Sozinho, Larner segurou os três terroristas por tempo suficiente para permitir a fuga de inúmeros jovens mais fortes do que ele e fisicamente mais capazes, mas menos dotados no quesito hombridade. As ubíquas câmeras de circuito fechado de tevê instaladas por toda a Inglaterra, num imenso Big Brother aberto, captaram a imagem de jovens, dezenas ou mesmo centenas deles, fugindo das facas. Um deles – o menos apavorado, talvez – andava tranquilamente com seu copo de cerveja na mão; os demais corriam. Mas que rapazes são esses, que ao ver um maníaco com uma faca fogem dele em vez de buscar defender os demais presentes?
Que tenha sido um homem de meia idade a fazê-lo não causa espécie. Estranho seria se fosse um jovem; como escrevi, a alternativa varonil que lhes resta parece ser apenas a islâmica, com todas as opções não islâmicas (carecas, punks, nacionalistas, etc.) desaparecidas ou misturadas numa vala comum de “extrema-direita” tratada como tóxica pelas autoridades e mídia. A educação é toda voltada para a emasculação psicológica total da juventude, visando um ser andrógino que não parece capaz de sobreviver fora de condições muito estritas de laboratório. É uma condição tão artificial que não tem como durar muitas gerações; a própria natureza se ocupa de corrigir o que vai por demais flagrantemente contra ela. Os netos desses jovens devem ter espírito másculo, se seus filhos não os tiverem. Mas, por enquanto, é aos mais velhos que ainda cabe o privilégio da bravura.

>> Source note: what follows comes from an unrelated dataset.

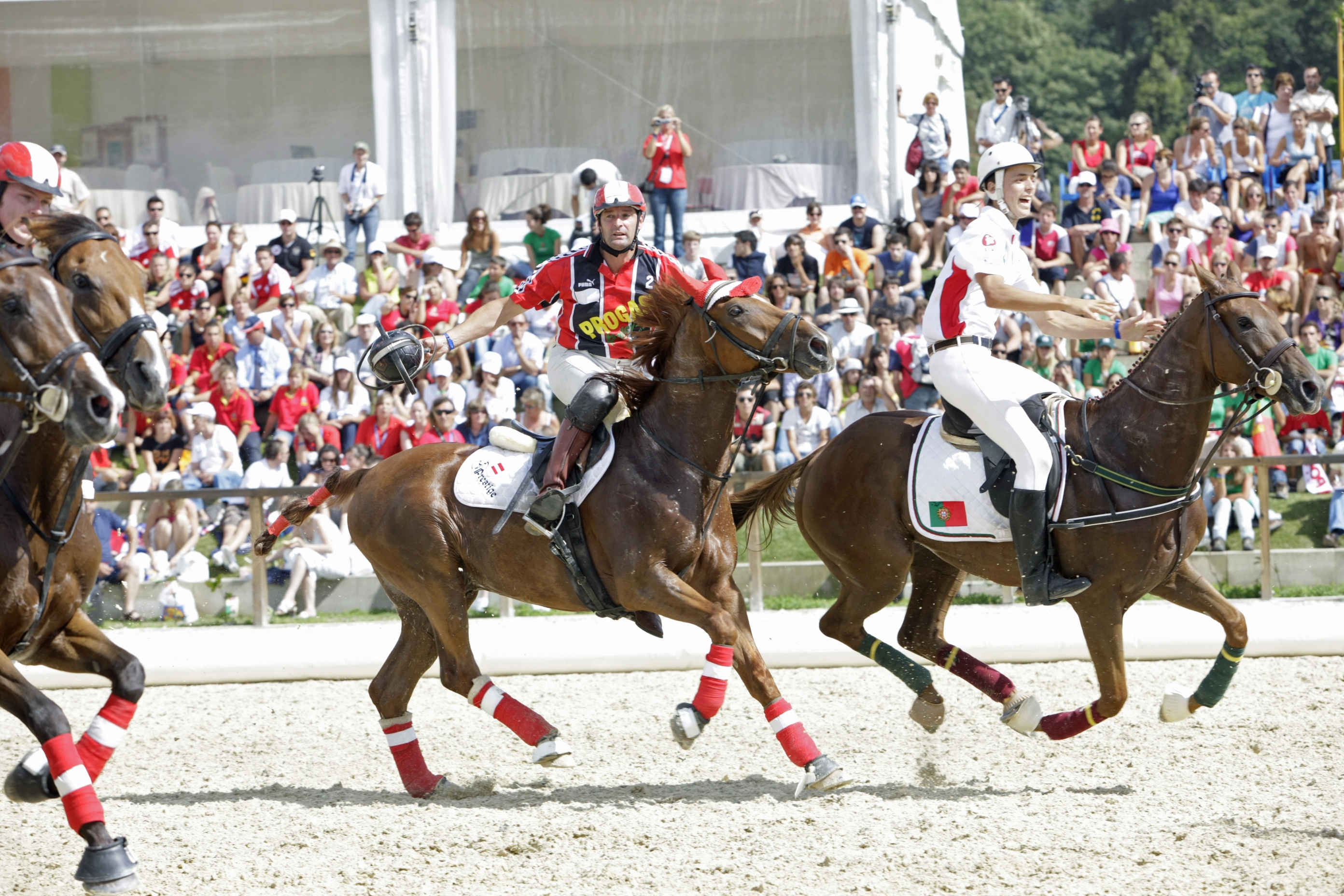 gespielt. Ohne den Fuß auf den Boden zu setzen heben die ReiterInnen

Um homem de meia idade que ainda viveu uma educação menos emasculante, que ainda passou por raladuras tratadas com mertiolate que arde (ou seja lá qual for o equivalente inglês disso) quando era pequeno, foi quem parou Alá, em nome de Millwall.

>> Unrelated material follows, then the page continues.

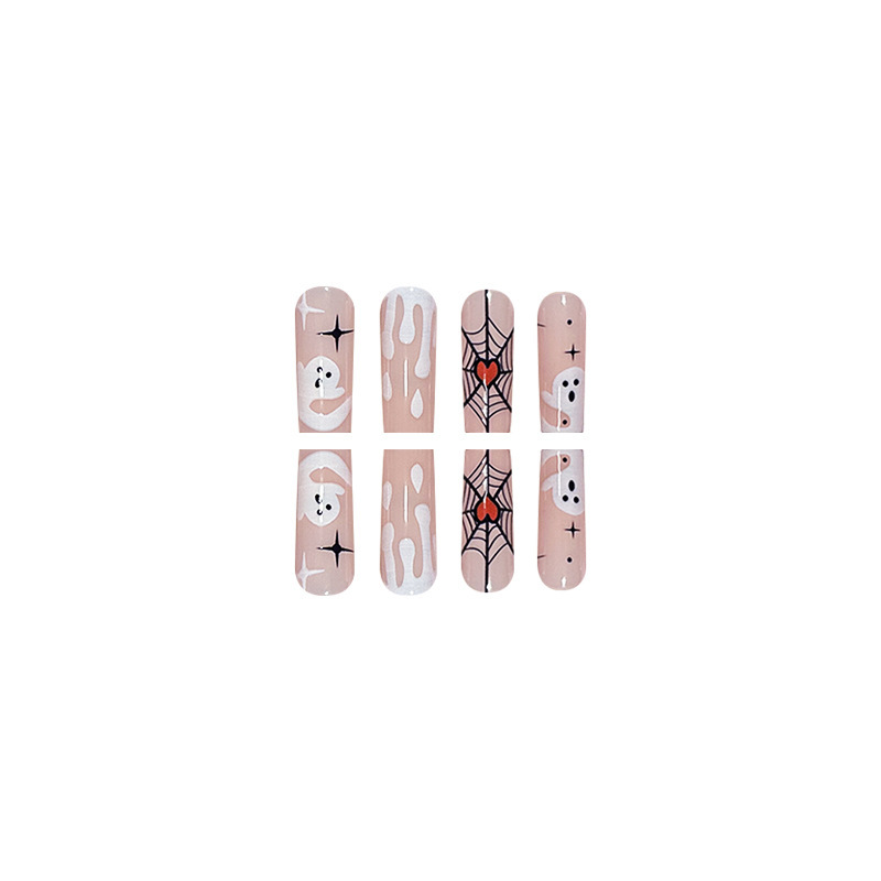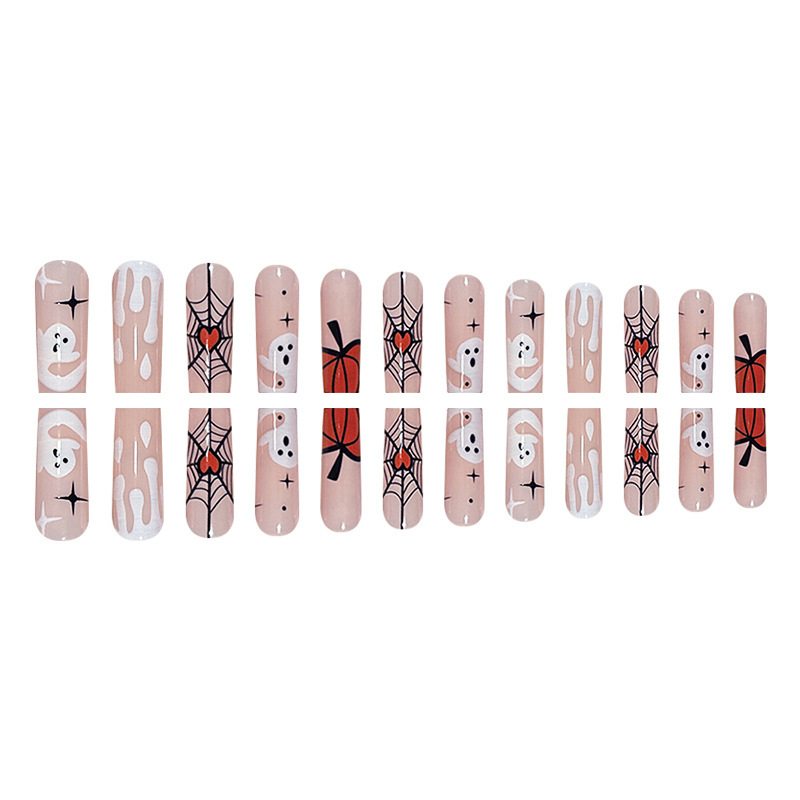 | nameOriginal | Long pink French ghost pumpkin Halloween popular Spider manicure wear nail spider web love fake nails |
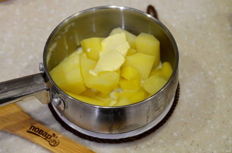6. Воду слейте, добавьте масло и молоко. Пюрируйте.

Mais ainda, não causa espécie que seja um torcedor de futebol inglês, um dos hooligans remanescentes que correm o risco da violência quando dos jogos de seus timinhos do coração. O futebol existe como alternativa identitária não é de hoje, e a violência entre torcidas acaba sendo uma das raras modalidades de violência ordenada dentro de um quadro de referência disponível aos nativos. Para Roy, como tornado claro pelo seu brado de guerra, a identidade primária não é inglesa, cristã, londrina ou o que for: ele é “Millwall, porra”. Millwall contra Alá; o local, o amor àquilo que está próximo de nós, contra o sonho totalitário de uma ideologia assassina que faz de deus sua ambição de poder.

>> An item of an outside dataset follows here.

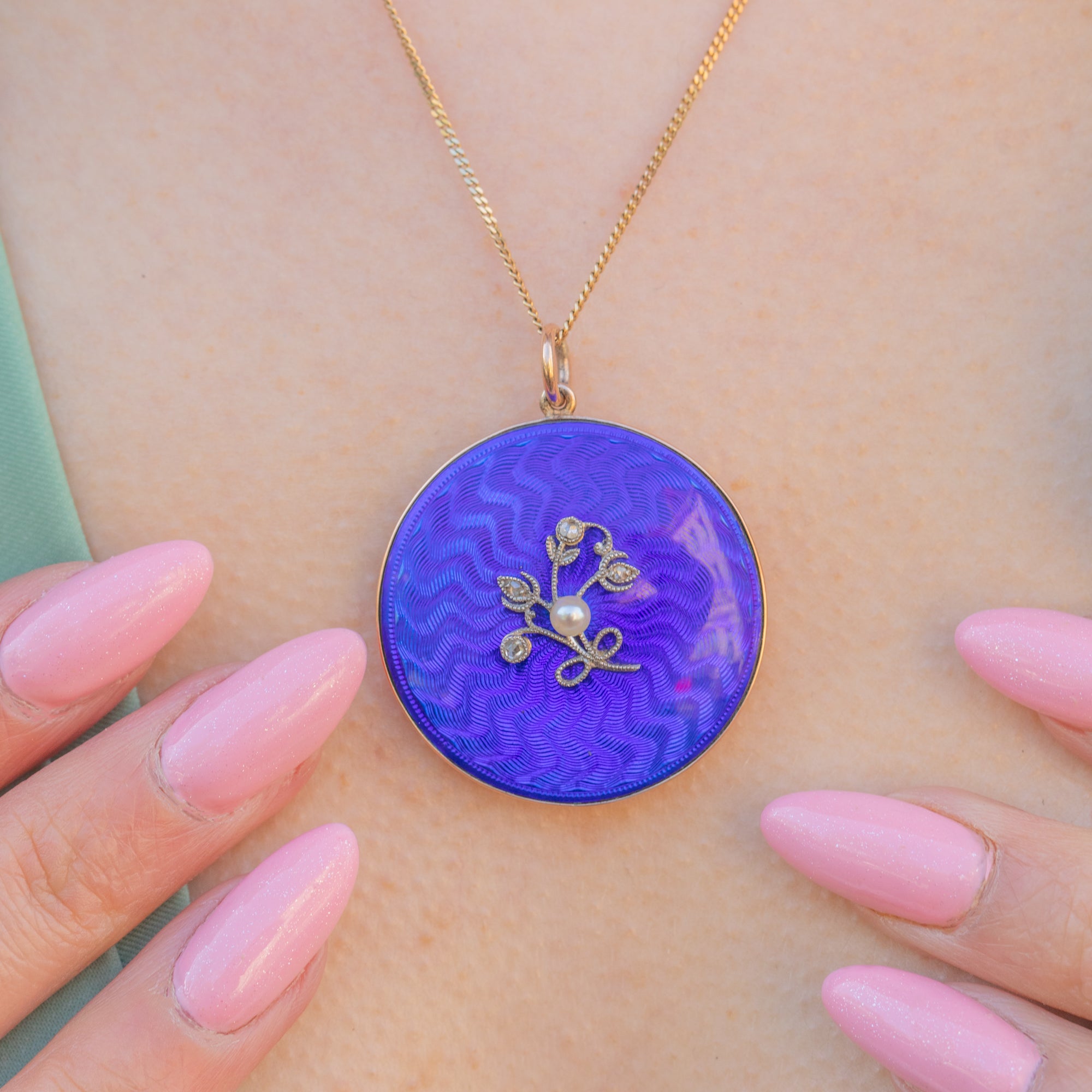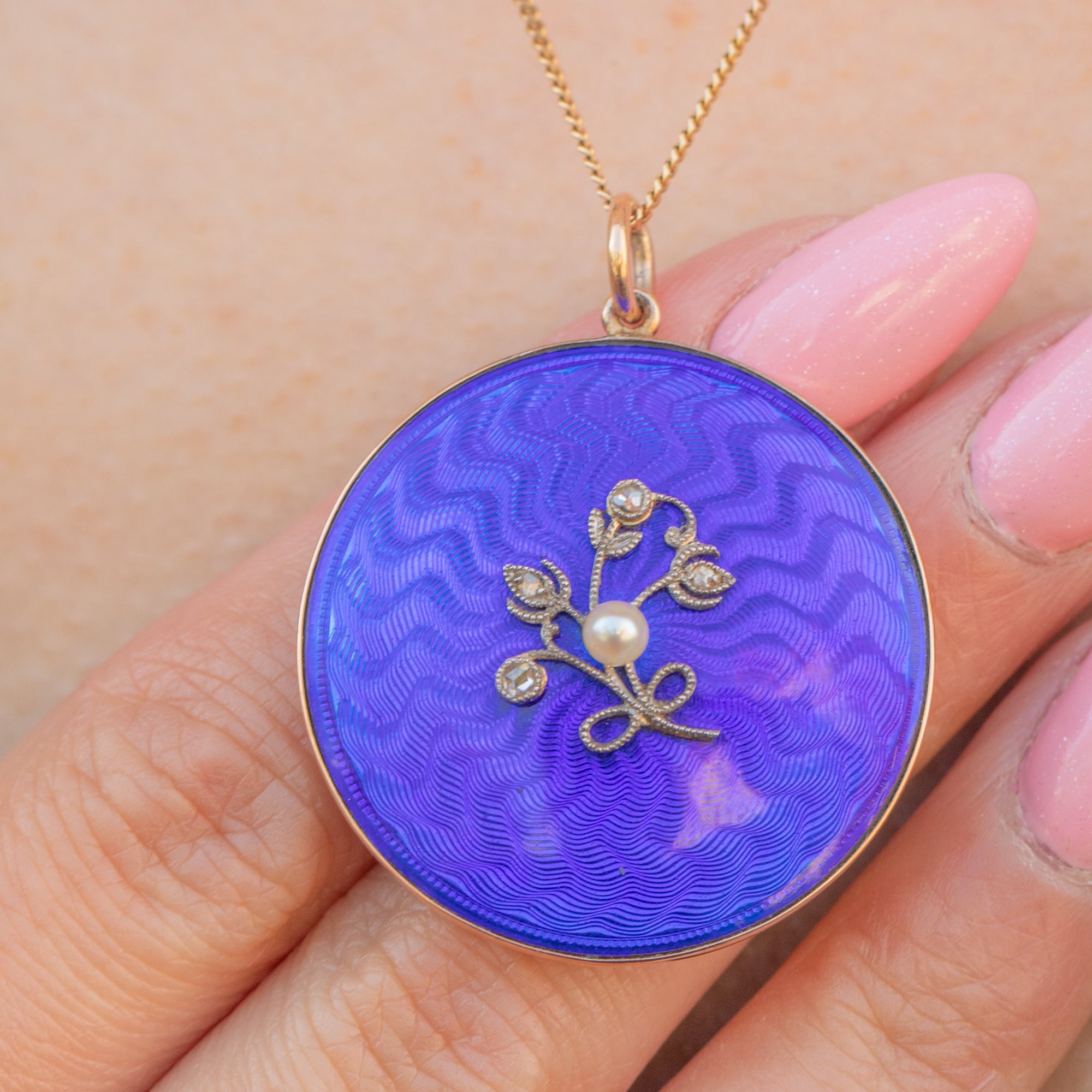 Edwardian 15ct Gold Royal Blue Guilloche Enamel Locket with Pearl Diamond Flower

Por mais que seja uma identidade precária, é uma identidade fortemente local, e é exatamente a rivalidade dela com outras identidades igualmente precárias que a fortalece e a torna capaz de mover mesmo ao heroísmo, como foi o caso. É o que resta numa sociedade que dissolveu seus esquemas de pertença maiores em uma vaga nuvem burocrática que a tudo vê e a tudo governa, sem participação popular praticamente alguma. Millwall, neste sentido, é um codinome do Brexit, um levantar-se altaneiro do local contra o global ou europeu, um brado de macheza que ainda ressoa em resposta ao grito igualmente altaneiro de “por Alá”.
Esperemos que o exemplo de Roy contagie outros, e mesmo que aumente a torcida de seu time de futebol. Millwall ganhou de Alá, e isso não é para qualquer um.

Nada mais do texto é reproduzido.